ANP  Vol.2 No.1 , February 2013
Single Step Solid-Solid Reaction Scheme for the Synthesis of Cobalt Sulphide-Oxide Nanoparticles in Polymer Matrix

At present, there is considerable interest in polymer-metal chalcogenides/oxides based nano-composites on account of their tunable optical, magnetic, electronic and catalytic properties. Here in, we report a simple single step approach for the in-situ synthesis of combined cobalt sulphide/cobalt oxide in polyphenylenesulphide (PPS) polymer matrix. We have illustrated the suitability of this methodology by reacting commonly available cobalt precursors with engineering thermoplastic, PPS. The cobalt precursor was homogeneously mixed with PPS in the molar ratios of 1:1, 1:5, 1:10, 1:15, respectively, followed by heating the mixtures obtained at the melting temperature of the polymer (285?C) for six hours.
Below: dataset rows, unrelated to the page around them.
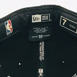 M9 Hat/Cap New Era 59FIFTY China Adult Fitted 7 or 55.8cm Miami Heat Logo on face in goldwhitemaroonblack plus NEraLogo on side in maroon plus NBA logo on rear in god maroon / Black hat with maroon top button and underbill black 100% Wool small knick in brim border maroon cloth; appearing as a small white spot (see pic)
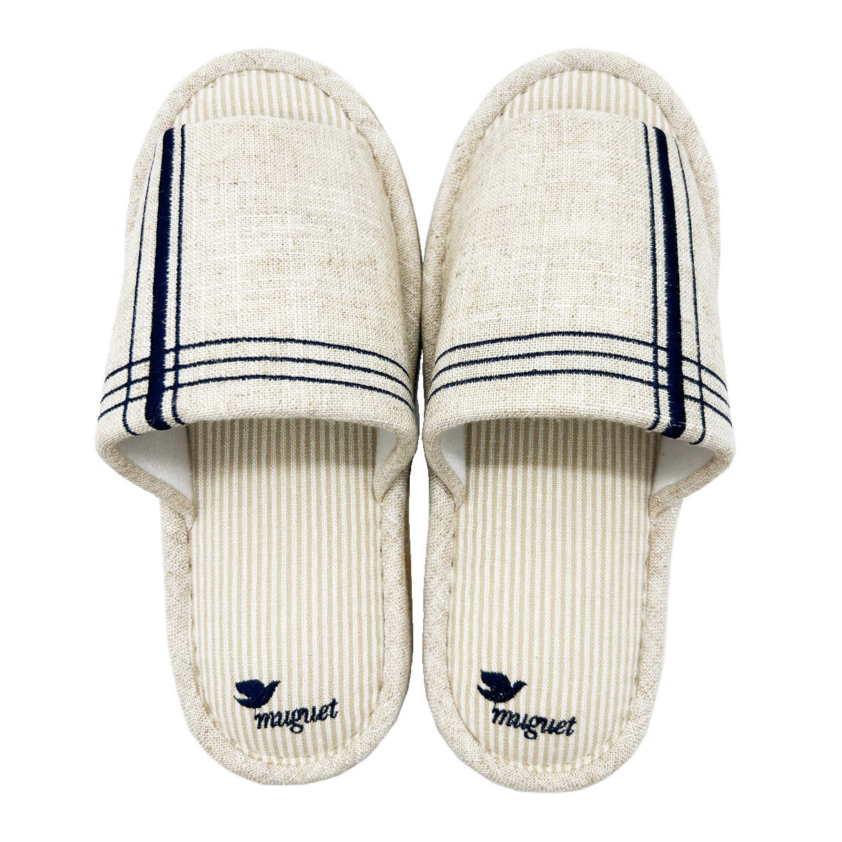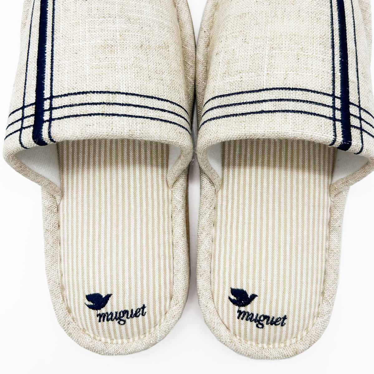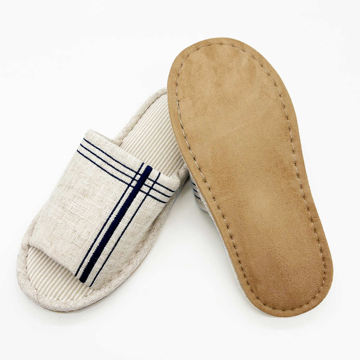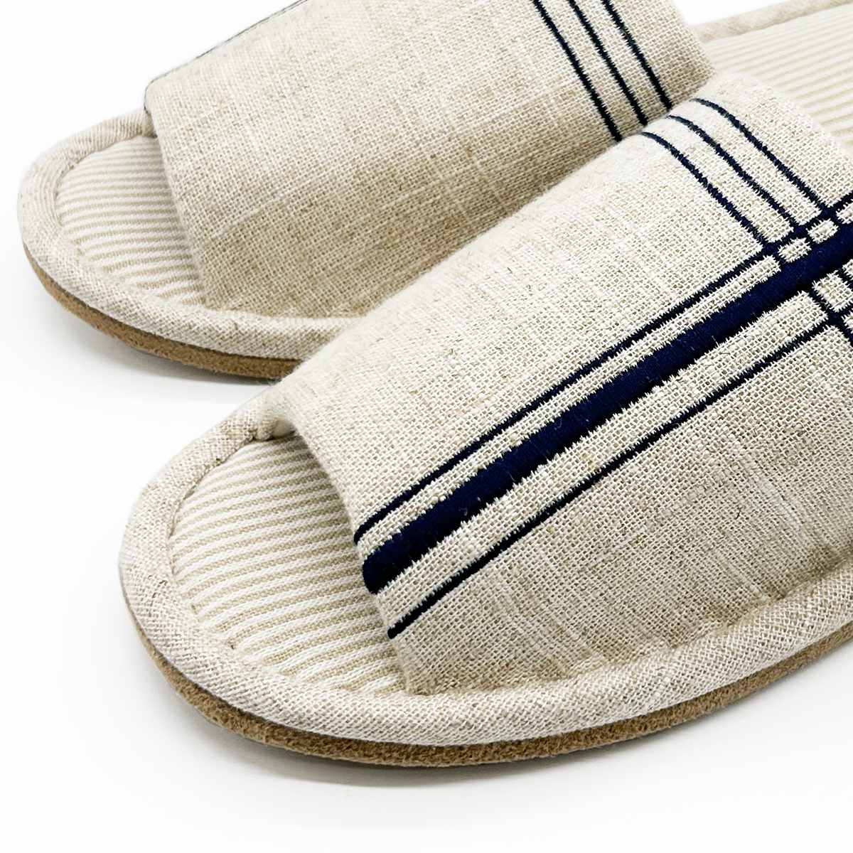 スリッパ ナチュラルクロス外縫い Lサイズ ( ルームシューズ ルームスリッパ おしゃれ 刺繍 自宅 室内 室内履き 部屋履き メンズ ルームサンダル 外縫い 男性用 前開き 前あき オフィス 来客用 蒸れにくい )
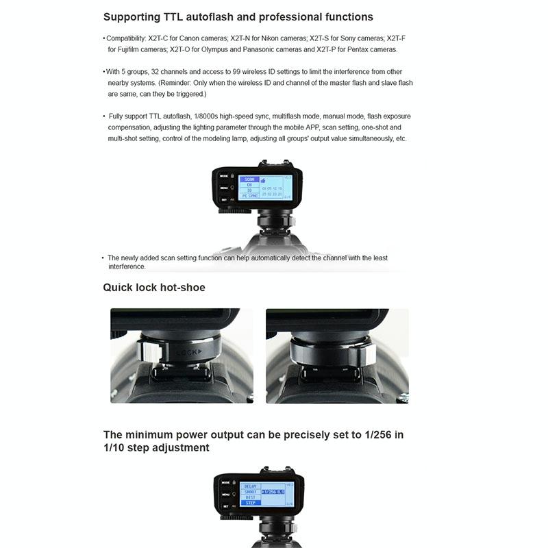 2. Compatible cameras: For Canon cameras (E-TTL II auto flash), can be used with cameras with PC sync socket
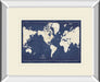Blueprint World Map V2 By Sue Schlabach Mirrored Frame - Blue
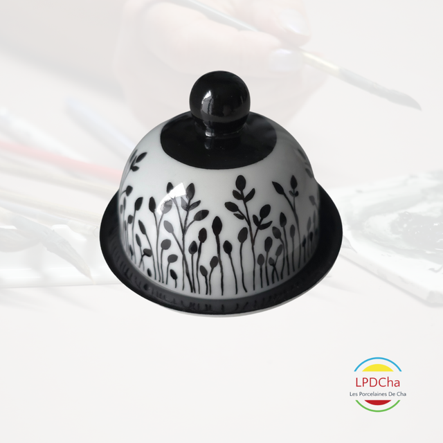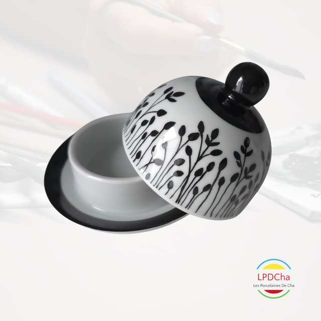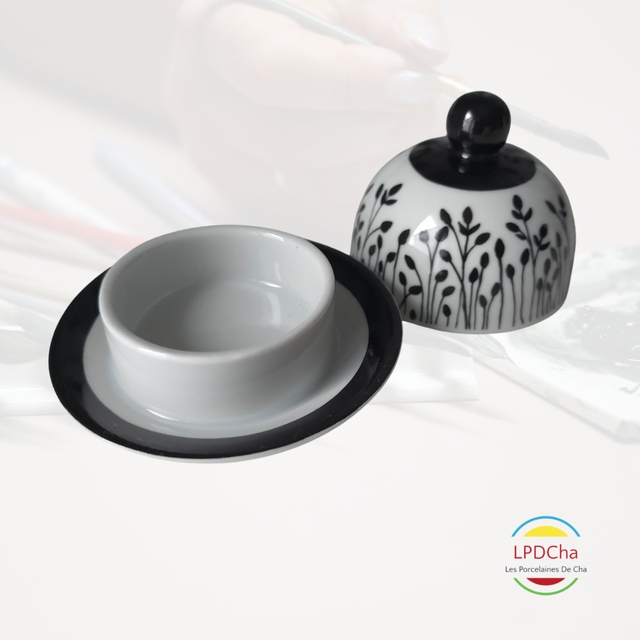 J15-25-09-01 - Beurrier en porcelaine blanche, décoré à la main.
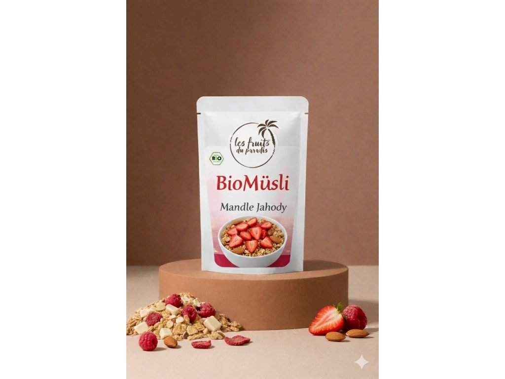 BioMusli Mandle & Jahody je lahodná a zdravá směs, která spojuje sílu přírody a vyváženou chuť. Základ tvoří cereální vločky (60 %) – ovesné, pšeničné a ječné – pocházející z ekologického zemědělství. Jemně křupavé mandle (5 %) a sladkokyselé lyofilizované jahody (4 %) dodávají směsi výraznou chuť a přirozenou svěžest. O sladkost se postarají rozinky sultánky, doplněné o exotické kokosové a banánové chipsy, lahodné papájové kostičky a voňavé mango kostky. O nutriční hodnotu se starají dýňová semínka a lněná semínka, bohatá na vlákninu, minerály a omega-3 mastné kyseliny.
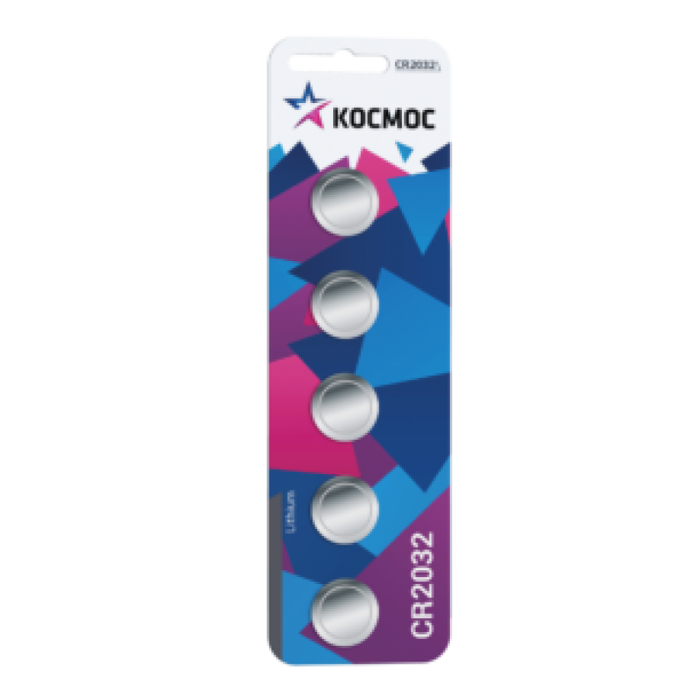 Литиевая батарейка CR2032 5хBL КОСМОС KOC20325BL используется для питания наручных часов, пультов дистанционного управления, светодиодных фонарей, материнской платы на компьютере и другой техники.
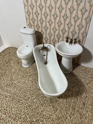 Set completo per bagno in miniatura, ideale per case delle bambole. Include water, vasca e lavandino. - Colore bianco con dettagli filo argento. - Materiale ceramica. Accessorio per casa delle bambole #dollshousefurniture #casadellebambole #mobiliinminiatura #maisondepoupee #meublespourmaisondepoupee #bambole #meublesenminiature #dollhouse #casademuñecas #dollhouseminiature #puppenhaus #miniatureinlegno #casitademunecas #miniature #poppenhuis #dollshouse #miniatureinlegno #modellismo # presepe #accessoripresepe
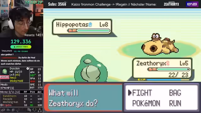 03:22:16Der Streamer analysiert intensiv die Kämpfe und die Attributsverteilung seiner Pokémon. Er äußert Frustration über eine unausgewogene Stat-Verteilung, insbesondere bei einem Death-Set, und diskutiert alternative Strategien. Ein vielversprechendes Sand-Stream Aerodactyl wird als stark eingestuft, jedoch wird der Sieg als unwahrscheinlich angesehen. Die Konzentration liegt auf dem Versuch, ein E-Mär zu fangen, das als Schlüsselpokemon für den Sieg gilt. Die Herausforderungen des Nativ-Dex Kaizo Modus werden als besonders nervig und langwierig beschrieben.
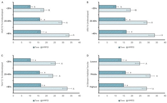 Stream macroinvertebrate taxa and HMFEI (mean ± SE) compared with respect to percentage of undeveloped land at (A) HUC12 watershed scale, (B) Active River Area (ARA) scale, and (C) 1 km2 scale, and (D) with respect to tercile index of instream habitat metrics. Lowercase letters indicate significant differences among taxa in each group, and capital letters indicate significant differences among HMFEIs; α = 0.05.
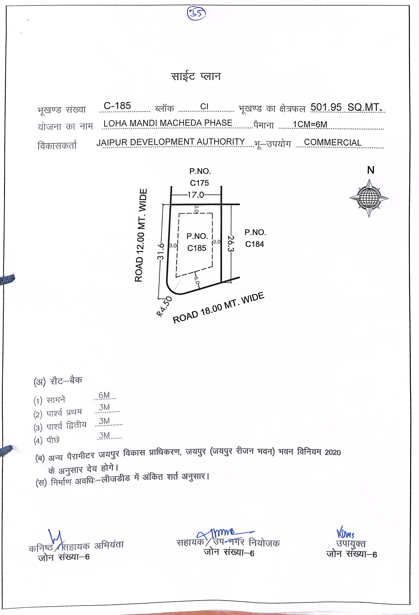 | Remarks | : | Commercial Plot No. C-185 (Corner) Loha Mandi Macheda Phase-I, Jaipur | |||||||
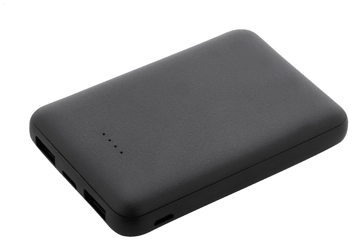 Power banka z recyklovaného ABS plastu s baterií 5 000 mAh. Se 2 USB a 1 nabíjecím portem USB-C. Vstupní porty micro USB a USB-C. Včetně nabíjecího kabelu USB.
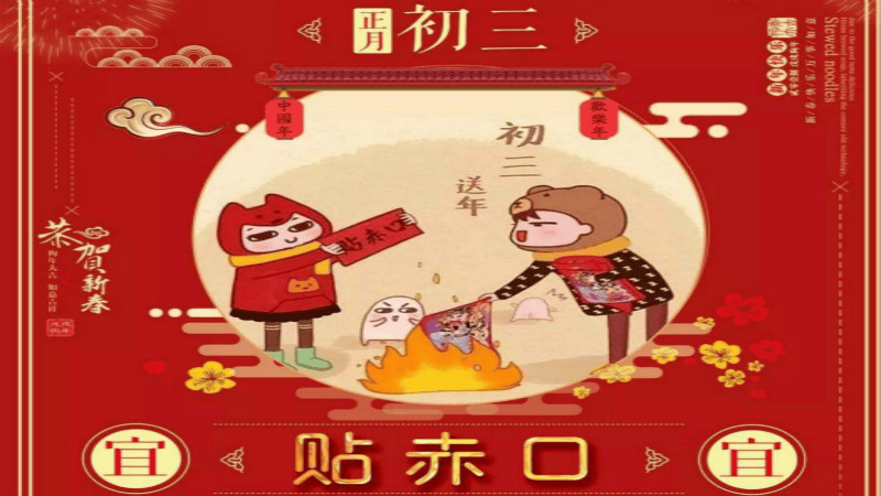 初三猪日,也叫赤狗日。这一天大家不会相互走动,可以将前几天积累的垃圾清扫干净,民间也叫扫穷鬼。
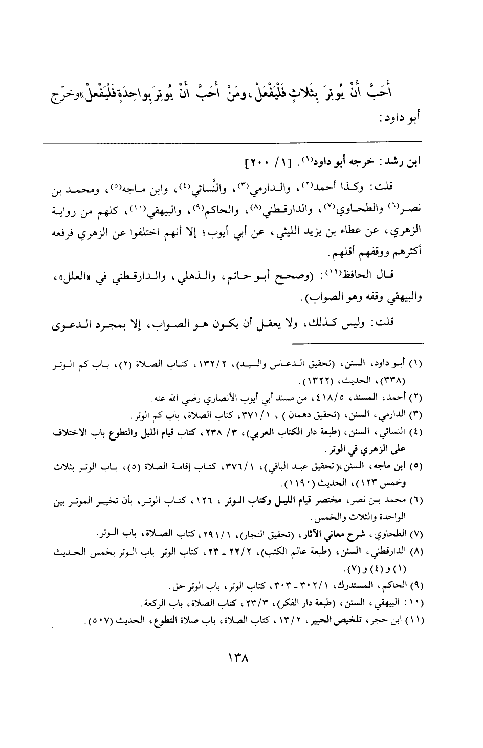 قلت: وكذا أحمد، والدارمي، والنَّسائي، وابن ماجه، ومحمد بن نصر والطحاوي، والدارقطني، والحاكم، والبيهقي، كلهم من رواية الزهري، عن عطاء بن يزيد الليثي، عن أبي أيوب؛ إلا أنهم اختلفوا عن الزهري فرفعه أكثرهم ووقفهم أقلهم.
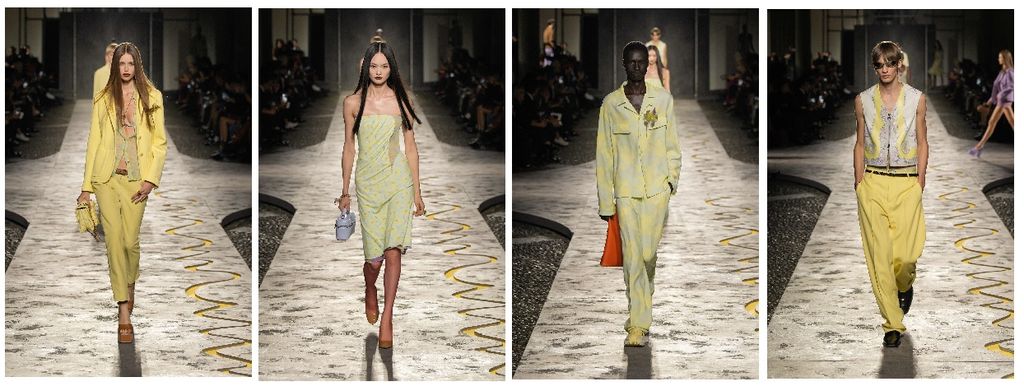 Elegante di giorno e sofisticato di sera è il giallo burro che si adatta a ogni occasione. Per Versace è un gioco di colore sia per il mondo femminile che maschile. Lo stile egocentrico che ha sempre contraddistinto la Maison lascia posto alla sobrietà. Abbandonati l’oro e i forti contrasti cromatici, l’estate diventa un’escalation di leggerezza e luce. Nuance luminosa, più soft del giallo limone e più caldo del bianco crema, il butter yellow è la giusta tonalità per un outfit contemporaneo con un tocco di originalità.
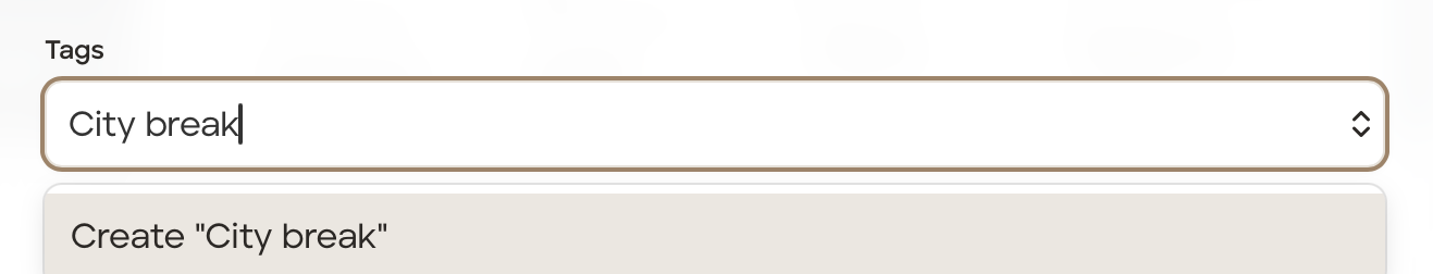 In the 'Tags' field type the tag you wish to use. After typing the tag click 'Create"[Tag]'''. Once created, that tag will be available in the tag drop-down menu to use for template itineraries going forward.
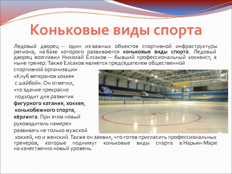которого развиваются коньковые виды спорта. Ледовый дворец возглавил Николай Елсаков — бывший профессиональный хоккеист, а ныне тренер. Также Елсаков является председателем общественной
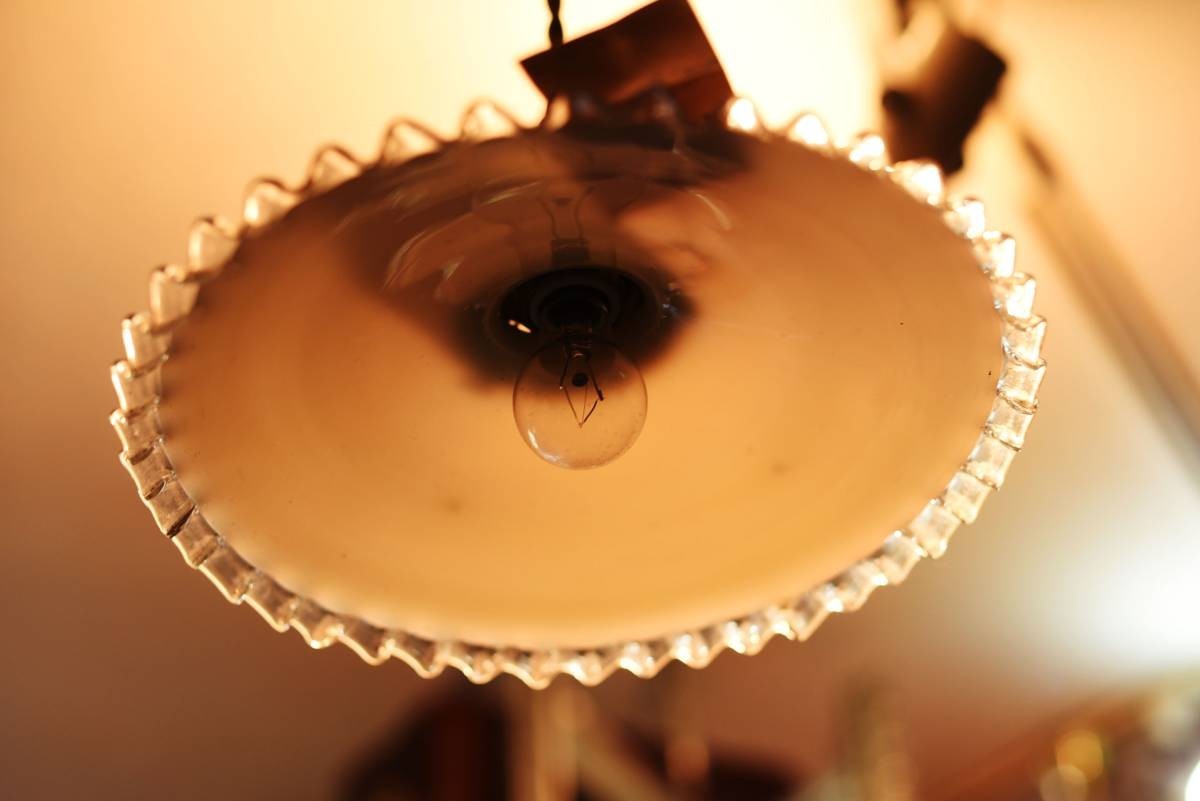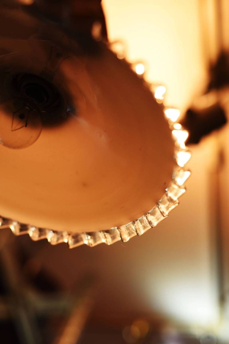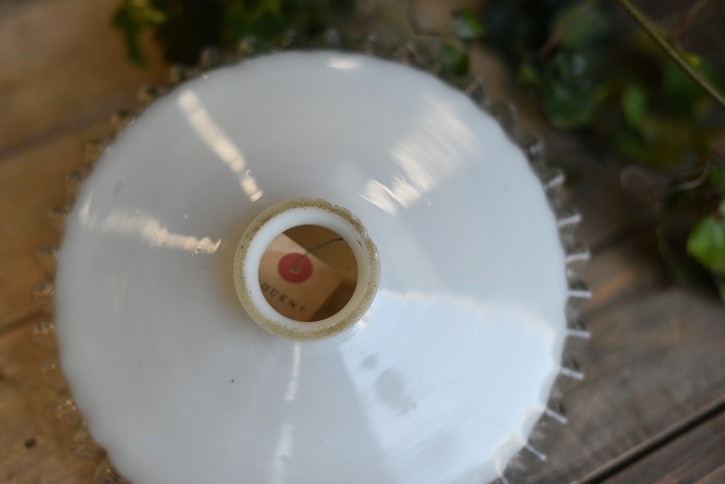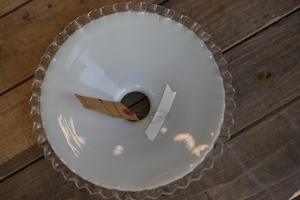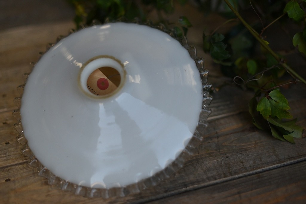 1684 ヴィンテージ 乳白色ガラス ランプ シェード クリアフリル アンティーク ビンテージ レトロ  英国 クウネル シャビー

The resultant products were characterized by X-ray Diffractometry (XRD), Field-Emission Scanning Electron Microscopy (FESEM), High Resolution Transmission Electron Microscope (HRTEM), Diffuse Reflectance Spectroscopy (DRS) technique and Fourier Transformation Infra red Spectroscopy (FTIR). Formation of mixed phases viz., sulphide and oxide of cobalt within modified PPS matrix was confirmed by XRD. The resultant nanoparticles of cobalt sulphide and cobalt oxide embedded in the PPS matrix showed crooked and chunk morphology. The optical properties of the resultant nanocomposites indicate the shift in the absorption hump due to nanoscale size effect.

Cite this paper
Rumale, N. , Arbuj, S. , Umarji, G. , Shinde, M. , Mulik, U. , Pokle, A. and Amalnerkar, D. (2013) Single Step Solid-Solid Reaction Scheme for the Synthesis of Cobalt Sulphide-Oxide Nanoparticles in Polymer Matrix. Advances in Nanoparticles, 2, 28-31. doi: 10.4236/anp.2013.21006.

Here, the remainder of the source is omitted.